“leave it still unsaid in part,
Or say it in too great excess.”
While this is not so applicable to written history, still in the face of hyperbolic and bathetic possibilities I owe it to myself to premise that I am going to be more than ordinarily truthful in this autobiography.
And there is certainly some merit in telling the truth, for it is hard work when one is his own hero, and not what is sometimes termed a moral hero at that. I can too, I may add, claim this single merit from the start, with a meekness almost bordering on honesty; since it happens that I am forced to be veracious by the fact that there are scores of people yet in the prime of life who are cognizant of the main events of the ensuing narrative.
CHAPTER II.
FAMILY MATTERS.
IT may be laid down as a general principle, to start with, that a boy had better not run away from home. Good and pious reasons are not wanting, and might be here adduced, in substantiation of this general principle. Some trite moralizing might be done just now, in a grave statement that an urchin needs not run away into the world after its troubles, since they will come running to him soon enough, and that a home is the last fortress weary men build (and oftentimes place in their wives’ names) against the slings and arrows of outrageous misfortune. Why, therefore, it may be asked, with overwhelming conviction to the adult,—who, by the way, is not supposed to be one of the congregation of the present preaching,—why, therefore, should the juvenile fugitive hasten unduly to leave what all the effort of his after life will be to regain?
Thus having done my duty by any boy of a restless disposition who may chance to read these memoirs and be influenced by my vagrant example, I proceed to state that I ran away from home at the mature age of eleven, and have not been back, to stay over night, from that remote period to this present writing.
It is due, however, to both of us,—the home and myself,—to observe that it was not a very attractive hearth that I ran from. My father and mother were dead, and no brothers or sisters of mine were there,—nothing at all, indeed, like affection, but something very much like its opposite. On the whole, I think, under exactly the same circumstances, I would run away again.

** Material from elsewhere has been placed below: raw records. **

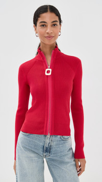 - Fabric: Mid-weight ribbed knit - Mock neck - Two-way zip with acrylic embellishment - Shell: 84% cotton/11% polyamide/4% cashmere/1% elastane - Dry clean - Imported, China - Long sleeves Style #JANDE30697 Size & Fit Model measurements: - Size XS: Rocio (5'11") usually wears size XS - Size XS: Priyanka (5'9") usually wears size XS Measurements from size XS Length: 20in / 51.0cm, from shoulder
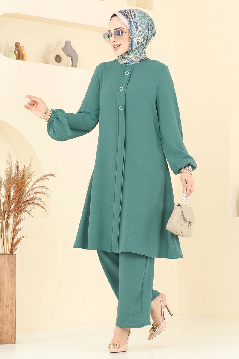 Ürün Detayları: Yeni sezon tesettür giyim ürünüdür. Ürün bisiklet yaka kesimindedir ve astarsızdır. Düğmeler dekoratif olarak kullanılmıştır. Pantolon beli ve paçaları lastiklidir. Çekimlerden dolayı renk farklılıkları olabilir.
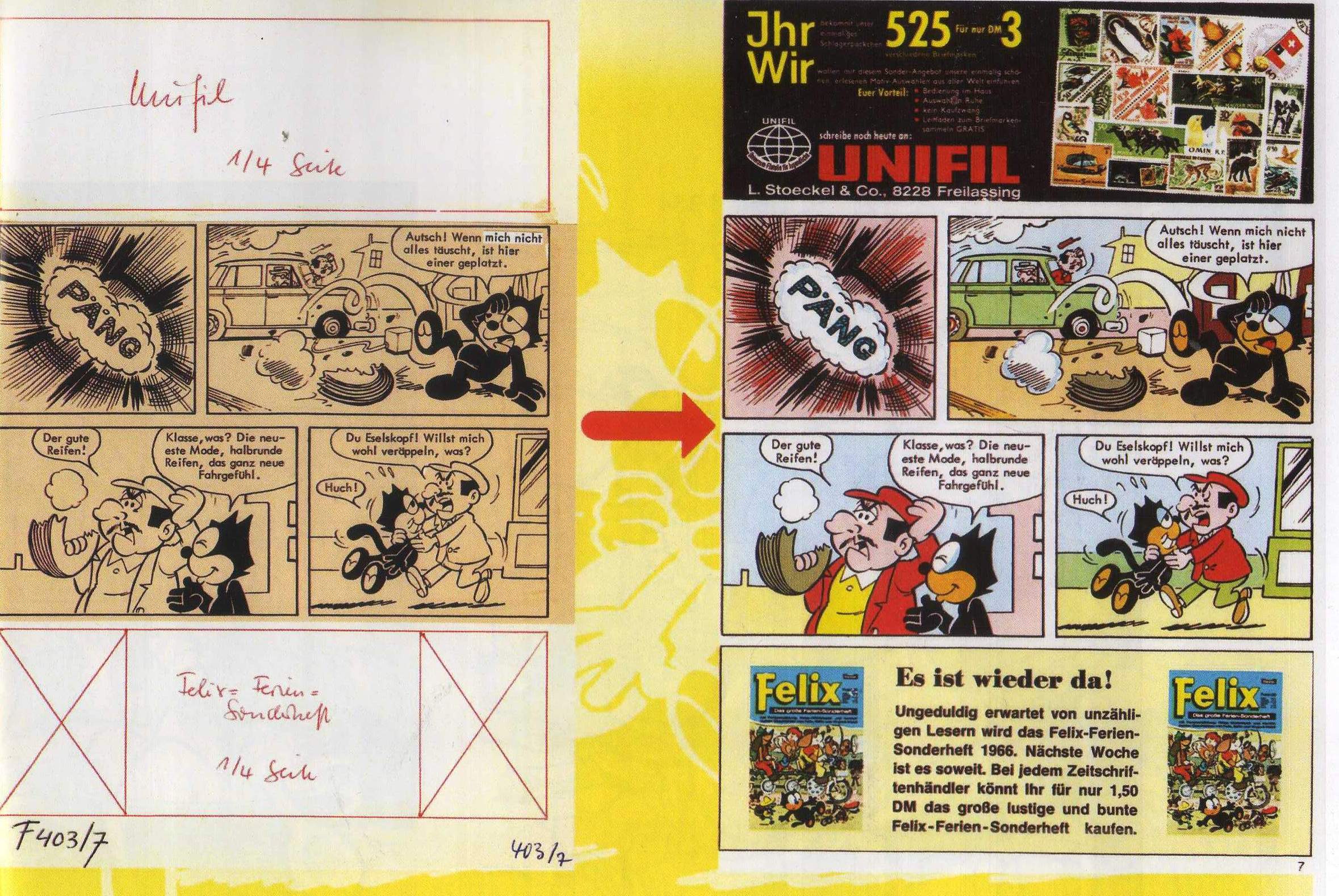 Ein wichtiges Thema ist natürlich auch der erstmals 1919 im Trickfilm aufgetretene Kater Felix the Cat. Dieser war auch der Namens-Pate des Hefts Felix, mit dem der Bastei Verlag zusammen mit der Zeitschrift Pony (hierin erschien u. a. auch Tim und Struppi) 1958 seine Comic-Produktion aufnahm.
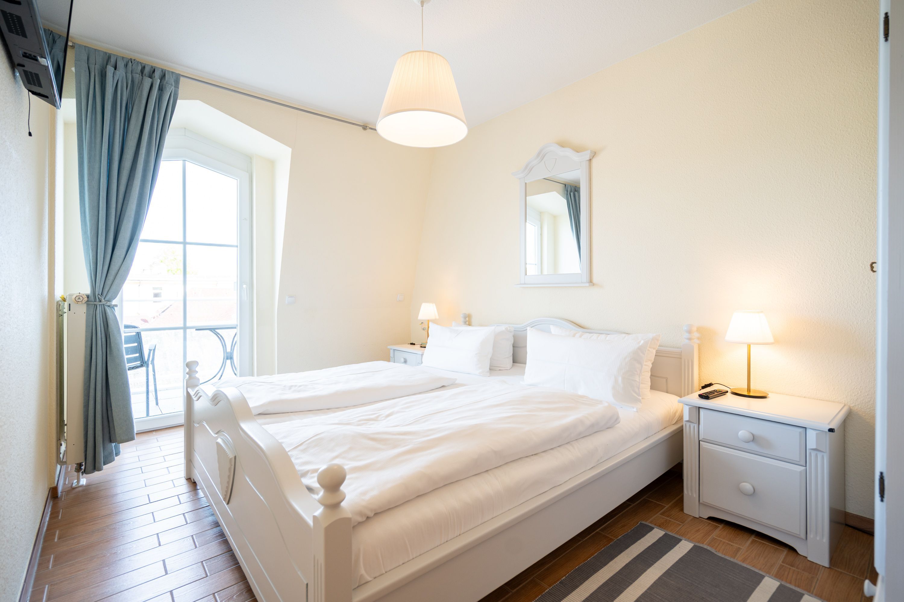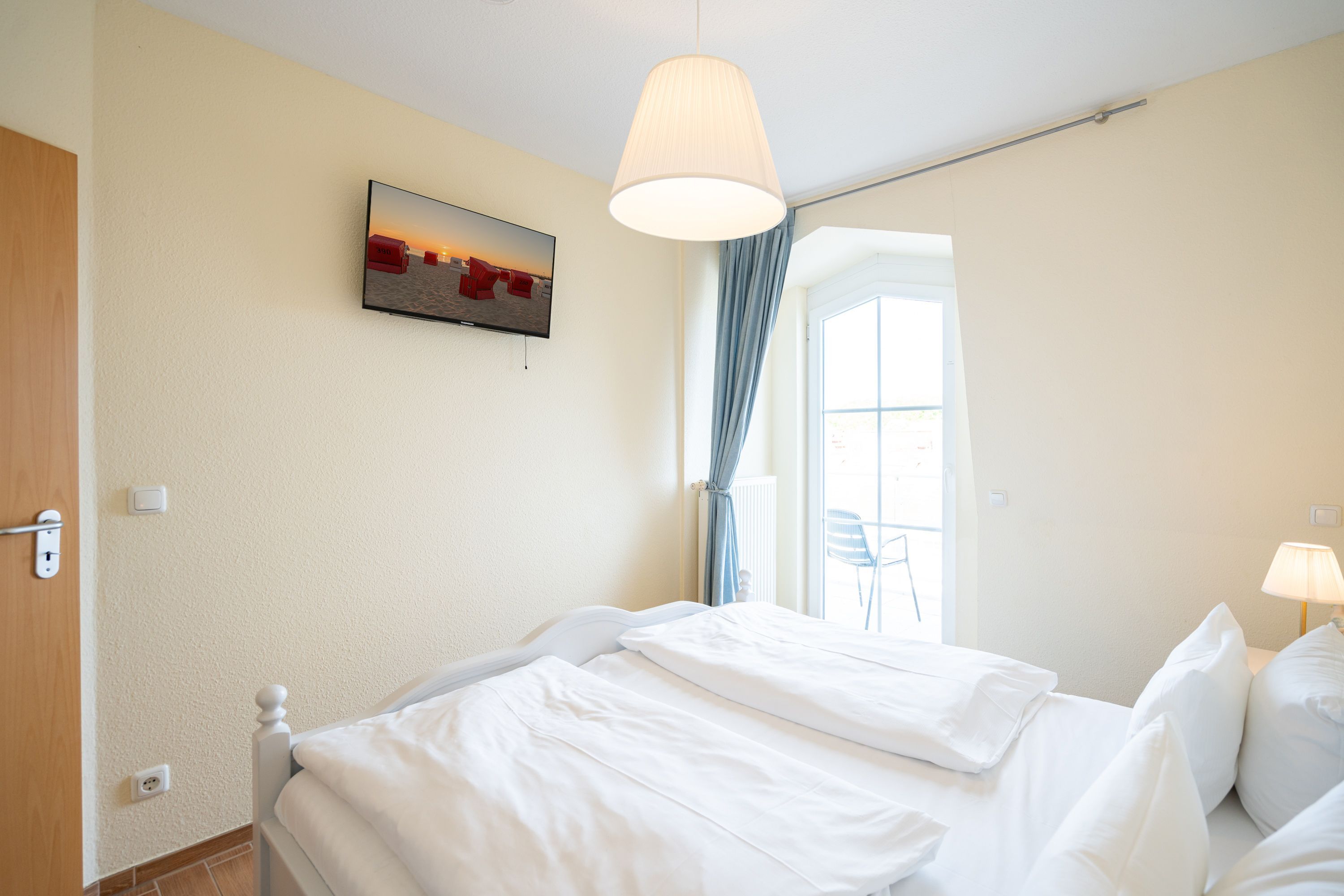 Die stilvoll eingerichtete 45 qm Ferienwohnung ist von Licht durchflutet und bietet einen schönen (seitlichen) Ausblick auf das Meer und den Strand (für max. 2 Erwachsene & 1 Kind bis 16 Jahre). Das Haus befindet sich in exponierter ruhiger Lage direkt an der Promenade und am Strand. Die Ferienwohnung verfügt über ein Wohnzimmer mit Einbauküche, Schlafzimmer, Duschbad, TV und 2 Balkone. Im Wohnbereich befindet sich als zusätzliche Schlafmöglichkeit eine Couch mit einer Liegefläche von 1,60 m mal 2 m. Auf Wunsch stellen wir für unsere kleinen Gäste ein Kinderreisebett (ohne zusätzliche Matratze & Bettzeug) und einen Kinderhochstuhl (gegen einen Aufpreis) zur Verfügung. Für Ihren Komfort sind die Betten bei der Anreise bezogen und Handtücher liegen bereit. Das WLAN-Netz ist kostenfrei nutzbar.

But I hope this remark will not lead the thoughtless reader to assume that I am not of a respectable family; no well-regulated memoir could be written without one. A “respectable family” has long since become the acknowledged starting-point, and not unfrequently the scapegoat, of your conventional autobiography. A posteriori, therefore, our respectability is established from the very fact that there is an autobiographer in the family.
When, however, a great truth has once been discovered, it is always easy to find many paths of proof converging toward it. When Kepler, for instance, by some strange guess or inspiration, hit upon the colossal fact that the planets move in elliptical orbits, it was comparatively an easy thing,—or should have been, to make this scientific parallel correct,—to come at half a dozen proofs of it in the simple properties of the conic sections. Thus, too, fortunately for us, the respectability of our family can be proved in many ways, and even, like Kepler’s Laws, by mathematics itself. Nay, our proofs can be, and indeed are, established by common arithmetical notation and numeration; because the members of our family are generally rich.
This is manifestly an unusual advantage for an autobiographer, since, as is well known, he almost invariably comes of “poor but honest parents.” And there is no little pride mixed with the candor with which I boast, that I am to this day, pecuniarily, the poorest of my race.